Reproduce the listing word for word, leaving every picture behind.

GIVEN DATA:
********************

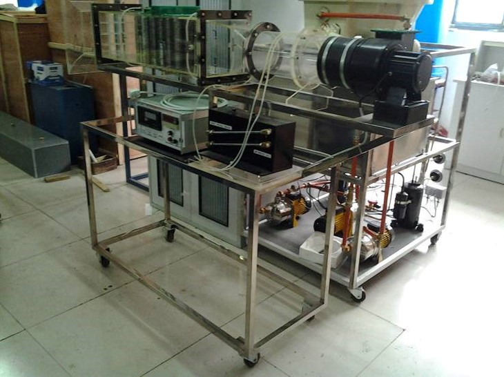 多翼式低噪音風(fēng)機(jī),自動(dòng)調(diào)節(jié)風(fēng)門,組合式有機(jī)玻璃風(fēng)洞,翅片加熱管,加熱由固體調(diào)壓模塊配電位器調(diào)節(jié)加熱功率,數(shù)顯電流表、電壓表,翅片管簇順排和叉排組合,溫度傳感器,畢托管配差壓傳感器測(cè)量風(fēng)量,16路萬(wàn)能信號(hào)輸入巡檢儀顯示溫度、阻力、流量,不銹鋼支架。
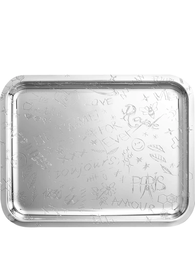 Don't get us wrong, we love seeing graffiti in its natural habitat - sprayed onto walls in rebellious protest - but we definitely love it scratched into the surface of elegant silverware too. That's Christofle's take, a modern ode to traditional decor. This tray has been decorated with doodles that look like they've come straight from a scribbled notebook, awash with French sayings, hearts and peace signs.Christofle silver-plated trayEngraved 'graffiti' motifs, polished finish, rectangle shapeDimensions: Height 28cm, width 36cmWipe with a clean, dry cloth
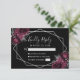 OSA kort i elegant bröllop har en silver-geometrisk ram som dekoreras med burguner och silver-blommigtar på svart bakgrund. I anpassadet kombineras silver grått med vismisk handskrift och kopparplåt typsnitt. Den omvända sidan är helsvart.
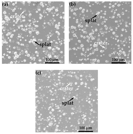 Figure 11 shows the cross-section morphologies of WC-17Co coatings formed by various spraying methods. It can be seen that there were no cracks or abscission phenomenons occurred between the coating and substrate (as shown in Figure 11b,d,f). Further analysis of the morphologies of WC-17Co coatings (as shown in Figure 11a,c,e) found that the interface between WC and Co in all WC-17Co coatings was well-bonded. Meanwhile, the content of fine WC particles (as indicated by the red arrow in Figure 11a,c,e) in the cold-sprayed coating was significantly more than the other coatings. The size range of fine WC particles formed in HVOF, WS, and CS was about 0.11–0.16 μm, 0.10–0.13 μm, 0.09–0.12 μm, respectively. It was also further indicated that more fragmented phenomenon of coarse WC particles occurred in the cold-sprayed WC-17Co coatings. These phenomena are consistent with the phase compositions analysis and results of WC-17Co coatings. By measuring the mean porosity and thickness of WC-17Co coatings formed in various spraying ways, it was found that the mean porosity of WC-17Co coatings formed in HVOF, WS, and CS was 1.57%, 0.89%, and 0.058%, respectively (as shown in Figure 12). In general, the microstructure of all coatings is dense; however, the porosity of warm-sprayed and cold-sprayed WC-17Co coatings was lower than that of HVOF-sprayed coating, and the porosity of cold-sprayed coating was the lowest. The main reasons for this phenomenon were attributed to solid-state particles’ continuous impact and compaction on the warm-sprayed or cold-sprayed WC-17Co coatings at the lower spraying temperature. Meanwhile, stripe structure (as indicated by the yellow arrow in Figure 11c,e) formed by the slippage of fine WC particles with a plastic flow of Co binder could fill the pores in the warm-sprayed or cold-sprayed WC-17Co coatings [41]. Therefore, due to the cold spraying high-velocity characteristic and more stripe structure in the cold-sprayed coating, the porosity of cold-sprayed WC-17Co coating was the lowest among all the coatings. The mean thickness of WC-17Co coatings formed in HVOF, WS, and CS was 544.33 ± 4.81 μm, 528.75 ± 5.98 μm, and 207.61 ± 9.64 μm, respectively (as shown in Figure 13). Figure 14 shows the morphologies of WC-17Co particles deposited onto Q235 steel substrate surface in various spraying ways. It can be found that craters were formed as the incident particles rebounding from the Q235 steel substrate surface (as indicated by white arrow in Figure 14). The ratio of WC-17Co splats (as indicated by black arrow in Figure 14) adhered on the Q235 steel substrate surface in HVOF, WS, and CS was 54.66%, 50.18%, and 30.12%, respectively. This illustrates that decreasing the spraying temperature resulted in more content of the craters caused by particles rebounding from the substrate surface. Therefore, this result also revealed that, although the porosity of cold-sprayed WC-17Co coating was the lowest in this study, more rebounding-particles phenomena presented during cold spraying process led to the lowest thickness of the cold-spraying coating among all the coatings.

********************

SOLUTION FOR THIS EXERCISE:
 多翼式低噪音風(fēng)機(jī),自動(dòng)調(diào)節(jié)風(fēng)門,組合式有機(jī)玻璃風(fēng)洞,翅片加熱管,加熱由固體調(diào)壓模塊配電位器調(diào)節(jié)加熱功率,數(shù)顯電流表、電壓表,翅片管簇順排和叉排組合,溫度傳感器,畢托管配差壓傳感器測(cè)量風(fēng)量,16路萬(wàn)能信號(hào)輸入巡檢儀顯示溫度、阻力、流量,不銹鋼支架。
 Don't get us wrong, we love seeing graffiti in its natural habitat - sprayed onto walls in rebellious protest - but we definitely love it scratched into the surface of elegant silverware too. That's Christofle's take, a modern ode to traditional decor. This tray has been decorated with doodles that look like they've come straight from a scribbled notebook, awash with French sayings, hearts and peace signs.Christofle silver-plated trayEngraved 'graffiti' motifs, polished finish, rectangle shapeDimensions: Height 28cm, width 36cmWipe with a clean, dry cloth
 OSA kort i elegant bröllop har en silver-geometrisk ram som dekoreras med burguner och silver-blommigtar på svart bakgrund. I anpassadet kombineras silver grått med vismisk handskrift och kopparplåt typsnitt. Den omvända sidan är helsvart.
 Figure 11 shows the cross-section morphologies of WC-17Co coatings formed by various spraying methods. It can be seen that there were no cracks or abscission phenomenons occurred between the coating and substrate (as shown in Figure 11b,d,f). Further analysis of the morphologies of WC-17Co coatings (as shown in Figure 11a,c,e) found that the interface between WC and Co in all WC-17Co coatings was well-bonded. Meanwhile, the content of fine WC particles (as indicated by the red arrow in Figure 11a,c,e) in the cold-sprayed coating was significantly more than the other coatings. The size range of fine WC particles formed in HVOF, WS, and CS was about 0.11–0.16 μm, 0.10–0.13 μm, 0.09–0.12 μm, respectively. It was also further indicated that more fragmented phenomenon of coarse WC particles occurred in the cold-sprayed WC-17Co coatings. These phenomena are consistent with the phase compositions analysis and results of WC-17Co coatings. By measuring the mean porosity and thickness of WC-17Co coatings formed in various spraying ways, it was found that the mean porosity of WC-17Co coatings formed in HVOF, WS, and CS was 1.57%, 0.89%, and 0.058%, respectively (as shown in Figure 12). In general, the microstructure of all coatings is dense; however, the porosity of warm-sprayed and cold-sprayed WC-17Co coatings was lower than that of HVOF-sprayed coating, and the porosity of cold-sprayed coating was the lowest. The main reasons for this phenomenon were attributed to solid-state particles’ continuous impact and compaction on the warm-sprayed or cold-sprayed WC-17Co coatings at the lower spraying temperature. Meanwhile, stripe structure (as indicated by the yellow arrow in Figure 11c,e) formed by the slippage of fine WC particles with a plastic flow of Co binder could fill the pores in the warm-sprayed or cold-sprayed WC-17Co coatings [41]. Therefore, due to the cold spraying high-velocity characteristic and more stripe structure in the cold-sprayed coating, the porosity of cold-sprayed WC-17Co coating was the lowest among all the coatings. The mean thickness of WC-17Co coatings formed in HVOF, WS, and CS was 544.33 ± 4.81 μm, 528.75 ± 5.98 μm, and 207.61 ± 9.64 μm, respectively (as shown in Figure 13). Figure 14 shows the morphologies of WC-17Co particles deposited onto Q235 steel substrate surface in various spraying ways. It can be found that craters were formed as the incident particles rebounding from the Q235 steel substrate surface (as indicated by white arrow in Figure 14). The ratio of WC-17Co splats (as indicated by black arrow in Figure 14) adhered on the Q235 steel substrate surface in HVOF, WS, and CS was 54.66%, 50.18%, and 30.12%, respectively. This illustrates that decreasing the spraying temperature resulted in more content of the craters caused by particles rebounding from the substrate surface. Therefore, this result also revealed that, although the porosity of cold-sprayed WC-17Co coating was the lowest in this study, more rebounding-particles phenomena presented during cold spraying process led to the lowest thickness of the cold-spraying coating among all the coatings.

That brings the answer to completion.